I think they’re a strong contender for award for worst business plan ever. The idea that a new airline in a saturated domestic market, where travel has become a commodity, would do well simply because they had nice service (which they do) was laughable from the start. They never were in the game to stimulate traffic, just shift traffic because they’re the ipod of airlines and have moodlighting. They’ll end up on the trash heap with Eos, Maxjet, Silverjet, etc, and any other carrier trying to get the high yield customer without the network and schedule that the high yield customer requires. Skybus had a much better business plan until they decided to fly Timbuktu to East Upchuck twice daily–and they probably lost less money before calling it quits.
Cranky, what’s the idea behind forcing airlines to reveal their pax numbers? Isn’t that pre-deregulation and a business secret?
Ari – To be honest, I don’t know, but it could be something along the lines of it being in the public interest to know that an airline is financially stable. I don’t know for sure. But if Virgin America wants to challenge the whole validity if the system, they’d have to file a separate proposed rulemaking.
This means unsafe travel
cometome – I couldn’t disagree with you more here. If you have proof that Virgin America is operating an unsafe airline, please post it here. If not, that’s a very irresponsible statement.

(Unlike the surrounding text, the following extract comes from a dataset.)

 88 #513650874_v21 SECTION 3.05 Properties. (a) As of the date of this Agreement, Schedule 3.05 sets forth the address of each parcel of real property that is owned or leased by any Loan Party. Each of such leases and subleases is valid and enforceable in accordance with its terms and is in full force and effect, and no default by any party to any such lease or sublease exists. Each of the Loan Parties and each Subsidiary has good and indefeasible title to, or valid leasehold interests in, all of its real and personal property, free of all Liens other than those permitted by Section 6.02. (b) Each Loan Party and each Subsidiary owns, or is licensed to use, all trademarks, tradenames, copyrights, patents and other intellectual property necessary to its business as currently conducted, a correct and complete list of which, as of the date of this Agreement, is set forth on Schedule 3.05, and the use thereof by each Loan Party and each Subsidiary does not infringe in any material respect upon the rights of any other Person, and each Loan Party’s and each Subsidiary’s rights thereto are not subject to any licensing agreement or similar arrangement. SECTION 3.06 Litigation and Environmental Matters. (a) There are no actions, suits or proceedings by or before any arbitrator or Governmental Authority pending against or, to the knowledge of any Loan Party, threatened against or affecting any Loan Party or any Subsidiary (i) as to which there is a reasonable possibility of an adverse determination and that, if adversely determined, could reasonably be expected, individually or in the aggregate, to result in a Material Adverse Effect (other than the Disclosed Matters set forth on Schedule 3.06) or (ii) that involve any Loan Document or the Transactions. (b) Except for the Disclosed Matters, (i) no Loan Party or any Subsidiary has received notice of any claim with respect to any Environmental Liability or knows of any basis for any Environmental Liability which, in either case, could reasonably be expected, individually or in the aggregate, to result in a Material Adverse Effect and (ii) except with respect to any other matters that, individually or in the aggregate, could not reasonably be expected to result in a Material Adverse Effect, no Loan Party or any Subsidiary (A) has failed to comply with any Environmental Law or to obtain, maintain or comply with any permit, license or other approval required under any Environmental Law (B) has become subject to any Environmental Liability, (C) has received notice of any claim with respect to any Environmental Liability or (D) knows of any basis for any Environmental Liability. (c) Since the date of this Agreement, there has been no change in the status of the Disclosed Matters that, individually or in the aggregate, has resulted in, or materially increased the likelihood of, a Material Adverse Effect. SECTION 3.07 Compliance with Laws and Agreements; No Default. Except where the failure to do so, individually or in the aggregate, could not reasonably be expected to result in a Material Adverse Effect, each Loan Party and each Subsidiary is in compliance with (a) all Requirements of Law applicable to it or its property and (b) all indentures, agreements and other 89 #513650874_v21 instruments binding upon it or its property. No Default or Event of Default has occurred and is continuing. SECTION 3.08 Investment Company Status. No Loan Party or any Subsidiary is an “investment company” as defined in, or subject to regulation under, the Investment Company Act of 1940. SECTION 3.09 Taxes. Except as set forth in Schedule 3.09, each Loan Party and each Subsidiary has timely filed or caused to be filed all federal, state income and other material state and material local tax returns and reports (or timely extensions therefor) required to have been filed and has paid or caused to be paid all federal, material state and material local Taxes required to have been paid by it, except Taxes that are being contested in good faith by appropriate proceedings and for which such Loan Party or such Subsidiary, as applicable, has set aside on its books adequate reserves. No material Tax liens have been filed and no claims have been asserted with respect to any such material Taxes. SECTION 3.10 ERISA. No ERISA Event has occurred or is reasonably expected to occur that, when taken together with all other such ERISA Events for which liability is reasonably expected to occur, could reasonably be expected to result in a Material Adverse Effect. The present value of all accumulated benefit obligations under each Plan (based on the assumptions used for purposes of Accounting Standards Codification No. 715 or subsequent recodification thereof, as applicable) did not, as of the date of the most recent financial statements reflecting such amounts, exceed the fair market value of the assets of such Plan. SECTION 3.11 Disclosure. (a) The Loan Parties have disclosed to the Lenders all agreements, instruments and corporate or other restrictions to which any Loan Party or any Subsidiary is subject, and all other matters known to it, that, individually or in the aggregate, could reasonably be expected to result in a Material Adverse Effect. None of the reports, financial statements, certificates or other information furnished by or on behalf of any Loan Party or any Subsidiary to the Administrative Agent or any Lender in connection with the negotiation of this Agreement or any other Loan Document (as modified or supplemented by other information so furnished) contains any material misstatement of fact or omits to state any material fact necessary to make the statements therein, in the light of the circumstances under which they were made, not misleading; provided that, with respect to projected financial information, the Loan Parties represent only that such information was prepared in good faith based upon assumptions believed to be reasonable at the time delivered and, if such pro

Free alcohol on all flights!
Yea, please leave a source.
It amazes me that Americans are so short sighted that they don’t equate cheap fares with failure of a company (job losses, unreliability, etc.). The industry cannot continue to run this way and cheap fares are a short term thing which is bad for the country in the long run.
This has to stop or we’re just going to continue to see airlines fail and people lose more jobs.
Randy’s right on the money. Load factor is a poor indicator of profitability. Now there’s a number out there “Average Breakeven Load Factor” that applies to the entire system, but the yield picture is much different from route to route. Another indicator of load factor as a poor indicator is industry darling Southwest. SWA traditionally has an average load factor very low compared with others in the industry (often hovering in the low 70s) yet it’s perenially profitable. (if you don’t count the paper losses on fuel hedging in the last two quarters, which the media pounced on while ignoring the operating profit).
For what it’s worth, I think they forecast this type of loss in their business plans and financial modeling. No matter what type of company you start, a start-up is going to lose money the first few years, unless you have zero overhead and run it out of your garage.
Anyone have a big enough garage to store 20-some-odd A320’s?
I think the short of it is they were expecting to show a loss all the way through to 2010, the investors knew this before they invested. I don’t think any of them are going to panic until then. the second cap call they did probably wasn’t unexpected due to fuel prices last year, it ate up a huge chunk of my personal budget, i can’t imagine what it did to theirs.
They’re not looking to put legacies out of business, just simply give passengers an alternative.
Bottom line is, nobody can say for sure, but I do know they’re taking delivery of more plans, adding more routes, and they’re still hiring. Only time will tell, and I hope they do make it… i love their service and their product, and they’re the only ones I’ll fly to any of the cities they service if I need to go to those particular cities.